肉塊が眼前を通り過ぎ、腐った肉の臭いが鼻を突く。
「のうまく さらばたたぎゃていびゃく さらばぼっけいびゃく さらばたたらた せんだまかろしゃだ けんぎゃきぎゃき さらばびぎなん うんたらた かんまん――」
練り上げられた霊気が、裂帛の霊力となって氷雨の手から顕現する。
迸る炎が煌びやかに輝く龍を象り、突っ込んできた肉塊を絡めとった。
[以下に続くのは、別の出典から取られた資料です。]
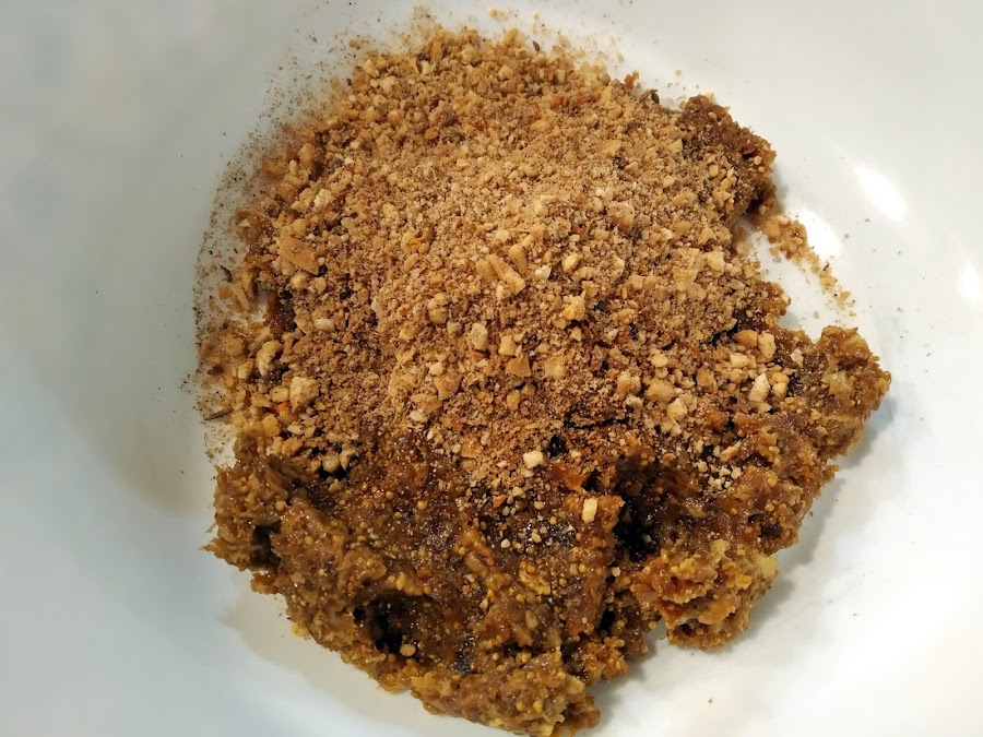En un cuenco echar los higos picados, la copa de aguardiente, las almendras machacadas con las especias e ir mezclando con las manos hasta que los ingredientes queden totalmente integrados y se consiga la consistencia deseada. Prensarlo con las manos y redondearlo.
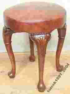 TABORET CHIPPENDALE - ORZECHOWY w SKÓRZE
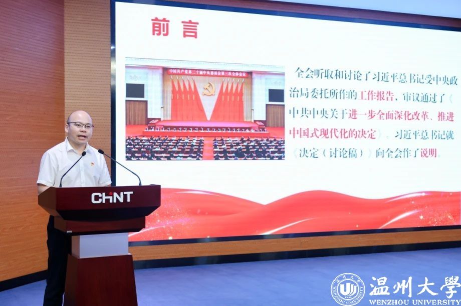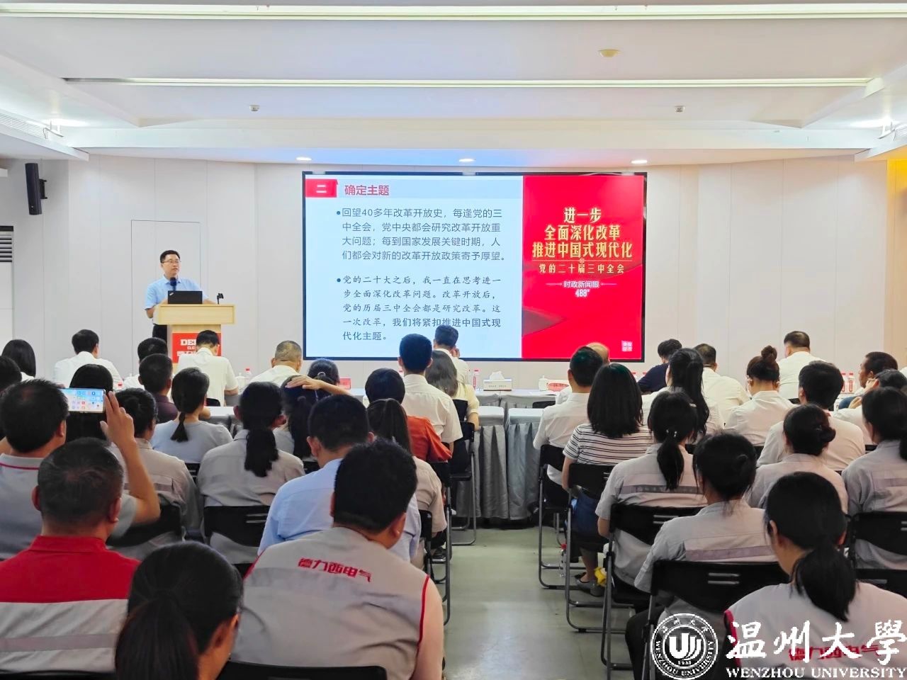 7月30日,中欧网页版马克思主义学院院长卓高生教授赴正泰集团宣讲党的二十届三中全会精神。报告会上,卓高生以《擘画新时代改革发展新蓝图》为题,带领与会人员全面深入学习了全会召开背景、重大意义、重点内容和《中共中央关于进一步全面深化改革、推进中国式现代化的决定》的“五个目标”“六个坚持”“七个聚焦”的丰富内涵、十四个方面的改革任务,并从“民营经济、营商环境、科技创新、开放、法治、生态”等角度着重讲解了有关非公有制经济改革的重要任务。
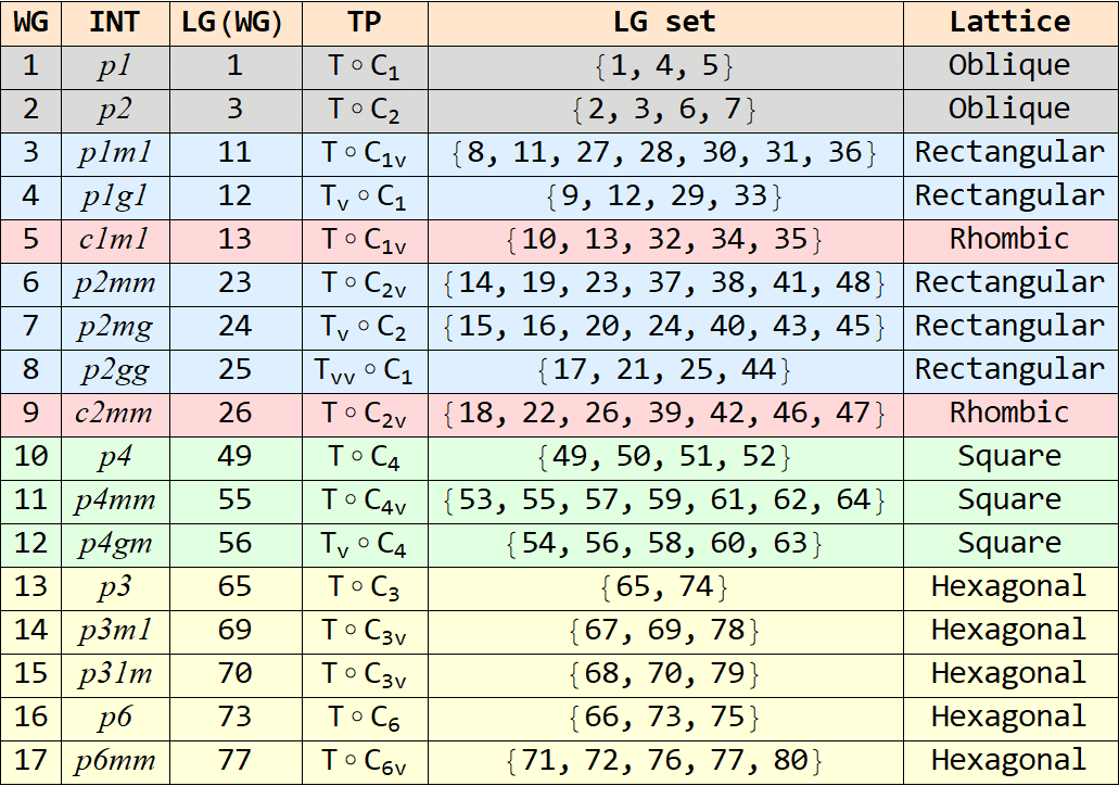 Wall-paper groups (WPG)

そのまま、浄化しきるかと思われたが、肉塊は炎から逃れようと、身体を捩り、巨大な口からは悲鳴が漏れた。
「丁に丙を掛け合わせ、陰陽の火を生ず!」
碧の体に抱きついていた舞香が体を捻って、霊符を投擲していた。轟っと床を這うように燃え上がった炎が、異形の肉塊に吹き付けた。
「碧!!」
式神の黒が、叱咤するように呼び掛ける。碧は頭のスイッチを完全に切り替え、目にも止まらぬ早さで手印。
「赤龍!! 五龍頭之咆哮――焔ノ極閃(ほむらのごくせん)!!」
碧から霊力を受けた式神の内の一匹、蛟が真っ赤に燃え盛る龍へと変化し、真っ赤な光が肉塊を貫き、部屋の壁を吹き飛ばし、海の彼方へと突き抜けた。